Britain’s first time buyers may soon be a thing of the past as the next generation of home owners face a life-time of renting - a prospect that worries well over 80 percent of the population according to the latest YouGov poll.
The survey, conducted for the New Homes Marketing Board (NHMB), has found that despite the rising house prices and short supply of available homes, more and more people are determined to get onto the property ladder. This desire has seen mortgage lenders report a huge rise in 100% mortgages as first time buyers struggle to save up their deposits.
Mortgage Advice Bureau (MAB) has said that demand for its 100 percent mortgages doubled in the first nine months of this year, compared with the same period last year while the number of buyers taking out mortgages in excess of 100 percent rose by a further 45 percent.
Other brokers and mortgage lenders have reported a similar trend. The Co-operative Bank has seen a 30 percent rise in 100 percent mortgages as a proportion of its first-time buyer lending since the start of this year while Alliance and Leicester has found a willing market for its new mortgage launched in April which offers loan-to-values of up to 125 percent. Likewise, Abbey, which only entered the market last month, has announced that it has been “pleased with the take-up” of its 100% mortgage deal.
What’s more, increased competition has helped reduce the interest rates on these types of loans, however, the concern is that there will eventually be a premium to pay for these mortgages and this is likely to move higher following the credit squeeze. Already, a number of smaller lenders have taken steps to withdraw products over the last month while rates for others have started creep up.
Brian Murphy, Head of Lending at the MAB, comments: “The need for 100% LTV mortgages has never been more apparent than over the past year.

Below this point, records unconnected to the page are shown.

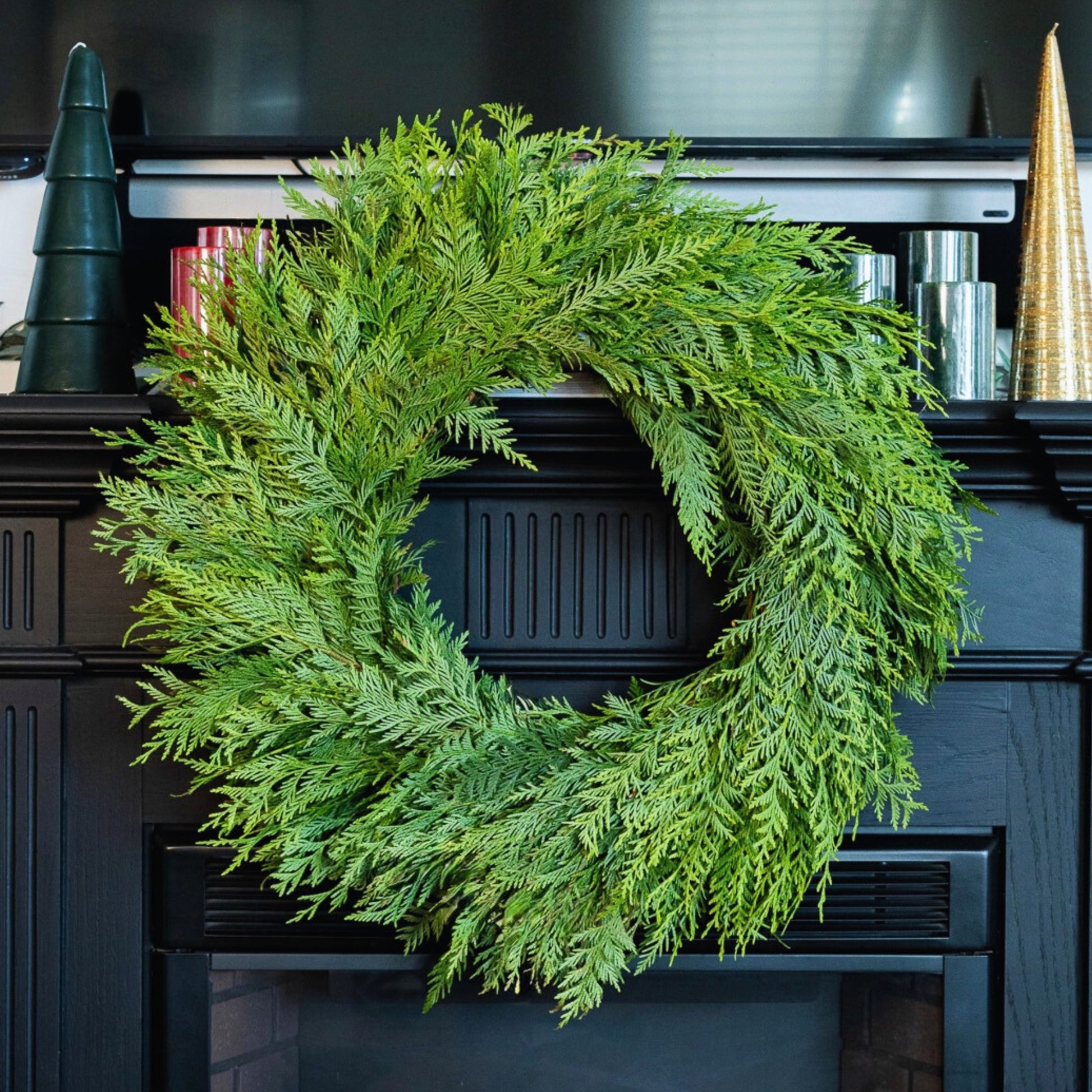 Made entirely from Western Red Cedar, this wreath feels alive with movement. Each branch drapes softly and catches the light just enough to bring warmth to even the coldest mornings. The fragrance is bright and woodsy with a hint of citrus, like stepping into a forest at sunrise.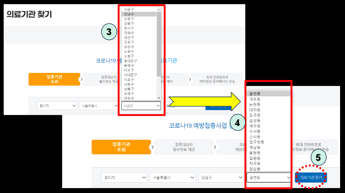 이제 화이자백신과 서울특별시를 선택했다면 저희집과 가장 가까운 강남구를 선택하고 세곡동을 선택한후에 의료기관찾기를 눌러주시면 됩니다.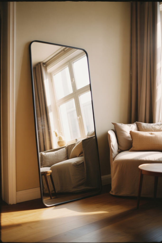 Using a full rectangle mirror as a wall accent is a confident move that pays off in both style and function. This mirror wall decor 2026 idea relies on simplicity: a large Rectangle mirror placed intentionally can visually double a room. It works particularly well in minimalist interiors where restraint matters and every element needs to earn its place.
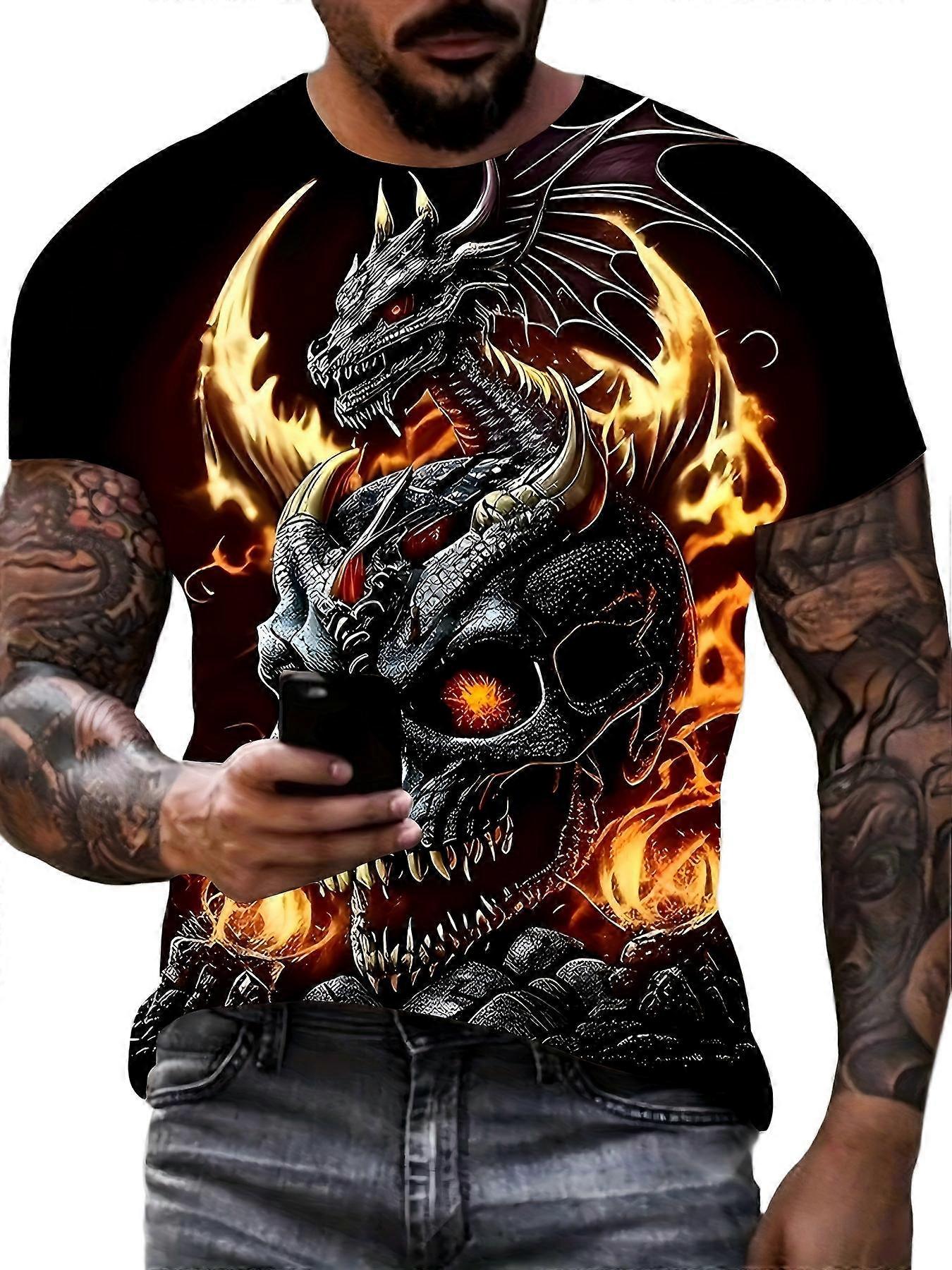 Men’s Fiery Graphic T Shirt Dragon And Skull Scene 3D Print Casual Streetwear Tee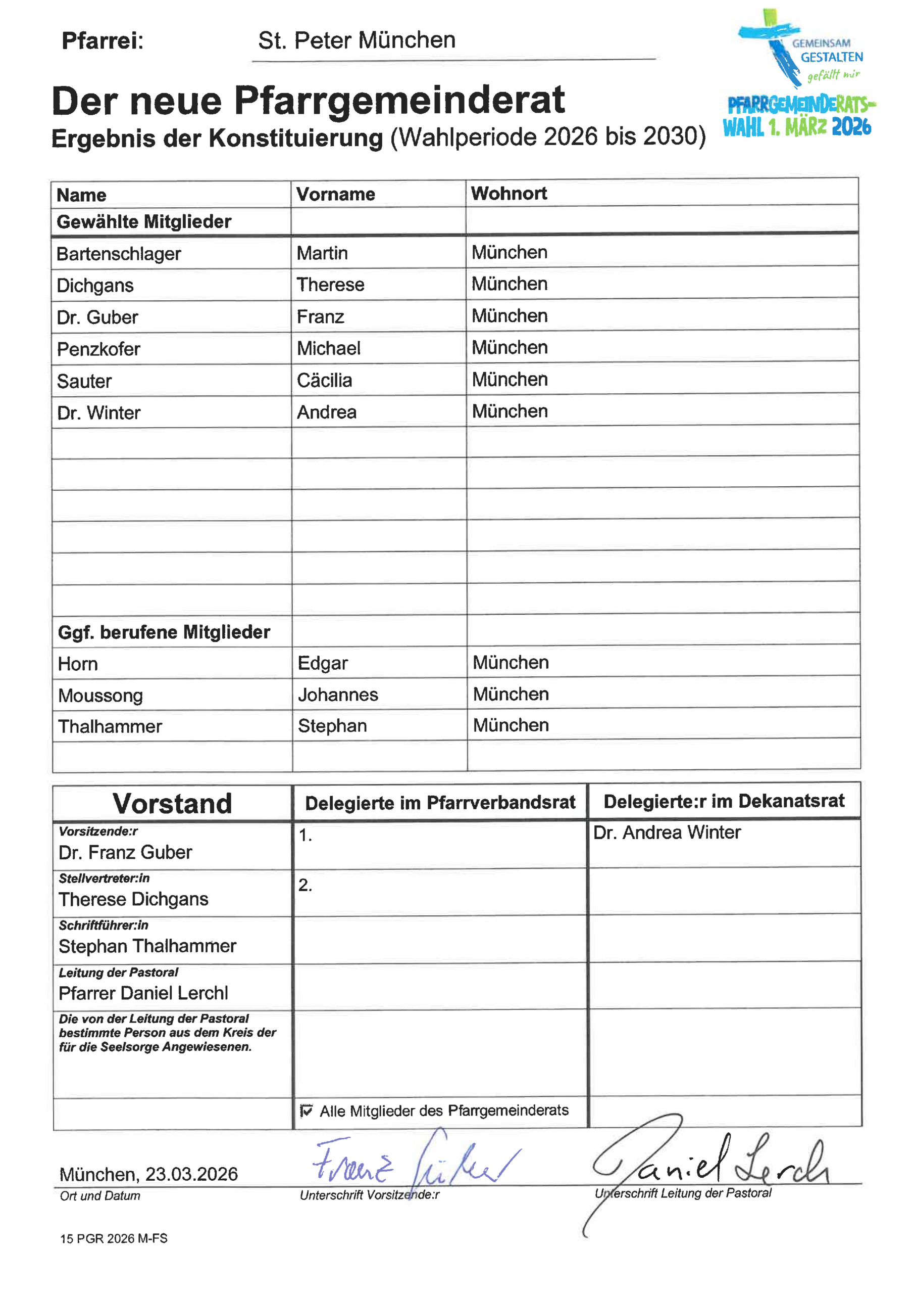 Der neue Pfarrgemeinderat 2026-2030

Interest rates have been forced to rise to rein in inflation and slow ever increasing house prices and as a result, buyers have been stretched to the hilt.”
Government incentives, such as scrapping stamp duty on first homes or raising the threshold to £250,000, are being seen as too little too late and first time buyers are being left with little option but to take out huge mortgages if they are ever going to be property owners.
David Pretty, New Homes Marketing Board Chairman adds: “We’re now looking at a situation where perhaps the lost generation of people who can’t afford to buy the home they need today may not be able to afford to rent a decent home in the future either - and that’s a social time bomb.”